I have made a fat jar file from my project which uses spark to read some CSVs and write to Kafka easily. The project is written in java, when I run the code in IntelliJ Idea it runs ok. But when I try to run the jar file it gives org.apache.spark.sql.AnalysisException: Failed to find data source: kafka.
error.
A. I have used IntelliJ Idea to build the jar file but when running the jar file, it doesn’t load or find the Main class:
Java -jar project_jar.jar nilian.Main
so, I completely gave up on this one.
B. I used Maven to build the jar file, first with this Build configuration:
<build>
<plugins>
<plugin>
<groupId>org.apache.maven.plugins</groupId>
<artifactId>maven-shade-plugin</artifactId>
<version>3.2.4</version>
<executions>
<execution>
<phase>package</phase>
<goals>
<goal>shade</goal>
</goals>
<configuration>
<filters>
<filter>
<artifact>*:*</artifact>
<excludes>
<exclude>META-INF/*.SF</exclude>
<exclude>META-INF/*.DSA</exclude>
<exclude>META-INF/*.RSA</exclude>
</excludes>
</filter>
<filter>
<artifact>org.apache.spark:spark-core_2.13</artifact>
<excludes>
<exclude>sun/nio/ch/DirectBuffer</exclude>
</excludes>
</filter>
</filters>
<transformers>
<transformer implementation="org.apache.maven.plugins.shade.resource.ManifestResourceTransformer">
<mainClass>nilian.Main</mainClass>
</transformer>
</transformers>
<createDependencyReducedPom>false</createDependencyReducedPom>
</configuration>
</execution>
</executions>
</plugin>
</plugins>
</build>
with this result while running the jar file:
Exception in thread "Thread-25" org.apache.spark.sql.AnalysisException: Failed to find data source: kafka. Please deploy the application as per the deployment section of Structured Streaming + Kafka Integration Guide.
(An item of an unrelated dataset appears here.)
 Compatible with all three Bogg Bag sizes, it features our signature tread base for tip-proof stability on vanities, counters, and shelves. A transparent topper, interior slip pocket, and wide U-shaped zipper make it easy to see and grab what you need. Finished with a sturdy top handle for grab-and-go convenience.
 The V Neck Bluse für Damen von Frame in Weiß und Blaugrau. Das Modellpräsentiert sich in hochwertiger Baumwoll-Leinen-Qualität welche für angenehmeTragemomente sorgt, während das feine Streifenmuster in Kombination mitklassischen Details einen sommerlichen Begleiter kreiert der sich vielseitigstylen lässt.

at org.apache.spark.sql.errors.QueryCompilationErrors$.failedToFindKafkaDataSourceError(QueryCompilationErrors.scala:1568)
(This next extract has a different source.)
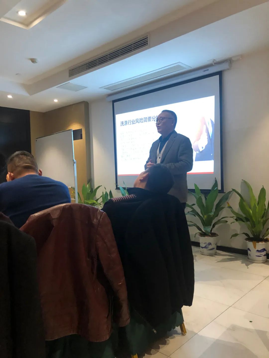 会后,由金诚国际保险经纪有限公司赣州分公司谢华生总经理给协会同仁们讲解企业经营性风险评估与保障。

at org.apache.spark.sql.execution.datasources.DataSource$.lookupDataSource(DataSource.scala:645)
at org.apache.spark.sql.execution.datasources.DataSource$.lookupDataSourceV2(DataSource.scala:697)
at org.apache.spark.sql.DataFrameWriter.lookupV2Provider(DataFrameWriter.scala:863)
at org.apache.spark.sql.DataFrameWriter.saveInternal(DataFrameWriter.scala:257)
at org.apache.spark.sql.DataFrameWriter.save(DataFrameWriter.scala:248)
at nilian.outputstuff.writers.KafkaWriter.write(KafkaWriter.java:21)
at nilian.outputstuff.MyOutPutResolver.resolveTrafficOutPut(MyOutPutResolver.java:53)
at nilian.threadstuff.runnables.TrafficRunnable.run(TrafficRunnable.java:171)
at java.base/java.lang.Thread.run(Thread.java:840)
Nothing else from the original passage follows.